TVRINews, Jakarta
Indonesia Eximbank Institute mencatat permintaan global terhadap produk tekstil hulu, seperti benang, kain tenun, dan kain rajut, mulai menunjukkan tren pemulihan sepanjang 2025.
Kondisi ini membuka peluang bagi industri tekstil nasional untuk meningkatkan penetrasi pasar internasional, meski pangsa ekspor Indonesia masih menghadapi tekanan dari meningkatnya daya saing negara China, India, dan Vietnam.
Direktur Pelaksana Bisnis I LPEI, Anton Herdianto, mengatakan daya saing ekspor tekstil Indonesia saat ini ditopang oleh produk finished fabric yang porsinya mencapai sekitar 74 persen dari total ekspor TPT nasional. Menurutnya, keberlanjutan kinerja ekspor tidak hanya ditentukan oleh produsen garmen, tetapi juga oleh kekuatan seluruh rantai pasok industri.
“Buyer global kini tidak hanya mempertimbangkan harga yang kompetitif, tetapi juga kualitas produk, ketepatan pengiriman, traceability, kepatuhan terhadap standar internasional, hingga penggunaan material yang berkelanjutan. Karena itu, penguatan rantai pasok menjadi kunci untuk menjaga daya saing ekspor Indonesia,” kata Anton, dikutip dari siaran persnya, Rabu, 29 Juli 2026.
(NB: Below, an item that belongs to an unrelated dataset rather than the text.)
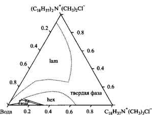 Для смесей двух одноименно заряженных ПАВ характерны гомогенные фазы, образование которых целиком определяется соотношением концентраций компонентов и фазовым поведением индивидуальных ПАВ. На рисунке 5.10 представлена фазовая диаграмма двух катионных ПАВ в воде: одно из них мицеллообразующее ПАВ с одной гидрофобной цепью, а второе – ПАВ с двумя гидрофобными цепями, склонное к формированию бислойных структур. В таком случае разобраться в фазовом поведении смеси можно на основе представлений о средних значениях критическою параметра упаковки ПАВ или спонтанной кривизны. Предположим, что общая концентрация ПАВ сохраняется постоянной и равной 50%. Будем двигаться от ПАВ с двумя углеводородными цепями в сторону одноцепочечного ПАВ, при этом обнаружим образование гексагональной жидкокристаллической фазы за счет сокращения области существования ламелярной жидкокристаллической фазы.
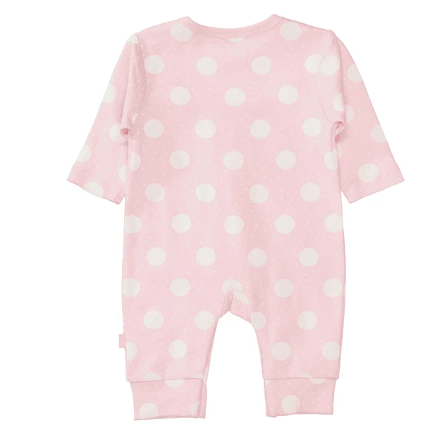 Met deze vrolijke stippeltjesjumpsuit ziet je kleine lieveling er in een mum van tijd superschattig en stijlvol uit. De drukknopen op de schouders en benen maken het makkelijk om aan en uit te trekken.

Indonesia Eximbank Institute memperkirakan ekspor tekstil nasional tetap tumbuh solid hingga tahun 2027 seiring prospek pertumbuhan global yang membaik dari ketidakpastian global dan proyeksi penurunan suku bunga global di masa mendatang. Kondisi ini diharapkan dapat meningkatkan konsumsi masyarakat global terhadap produk, seperti pakaian.
Ekspor tekstil nasional diperkirakan tumbuh sekitar 2 persen hingga 3,2 persen pada tahun 2026 dengan melihat realisasi pertumbuhan ekspor saat ini di level 1,3 persen, sementara pada tahun 2027 diperkirakan tumbuh hingga 3,5 persen sampai 4,0 persen. Pertumbuhan tersebut didorong oleh meningkatnya permintaan terhadap produk tekstil berkelanjutan, terutama di segmen pasar premium.
Menurut Anton, Indonesia memiliki modal yang kuat untuk menangkap peluang tersebut, terutama dari sisi biaya tenaga kerja yang kompetitif serta struktur industri yang telah terintegrasi dari hulu hingga hilir.
Tantangannya kini adalah meningkatkan produktivitas, mempercepat modernisasi industri, dan memenuhi standar keberlanjutan yang semakin menjadi persyaratan utama di pasar ekspor.
Untuk mendukung transformasi tersebut, LPEI menyediakan berbagai fasilitas pembiayaan, penjaminan, asuransi, dan trade finance yang disesuaikan dengan kebutuhan eksportir.
Dukungan tersebut mencakup pembiayaan pra-pengapalan (pre-shipment) dan pascapengapalan (post-shipment), Trade Credit Insurance (TCI) untuk melindungi risiko gagal bayar dari pembeli luar negeri, serta Marine Cargo Insurance guna memberikan perlindungan selama proses pengiriman barang.
Hal ini juga sejalan dengan arahan Menteri Keuangan RI, Purbaya Yudhi Sadewa, beberapa waktu lalu yang mendorong revitalisasi industri tekstil dan sepatu melalui penyediaan likuiditas yang terjangkau lewat Indonesia Eximbank/LPEI guna memperbarui permesinan dan meningkatkan daya saing global.
“Penguatan rantai pasok tekstil nasional membutuhkan kolaborasi yang erat. LPEI hadir tidak hanya melalui pembiayaan, tetapi juga layanan advisory dan market insight agar eksportir semakin siap memenuhi kebutuhan pasar global,” ujar Anton.
Melalui penguatan pembiayaan, peningkatan kapasitas industri, dan kolaborasi yang semakin erat antara pemerintah, LPEI, serta pelaku usaha, industri tekstil Indonesia diharapkan mampu meningkatkan daya saing sekaligus memperbesar kontribusinya terhadap ekspor nasional di tengah perubahan lanskap perdagangan global.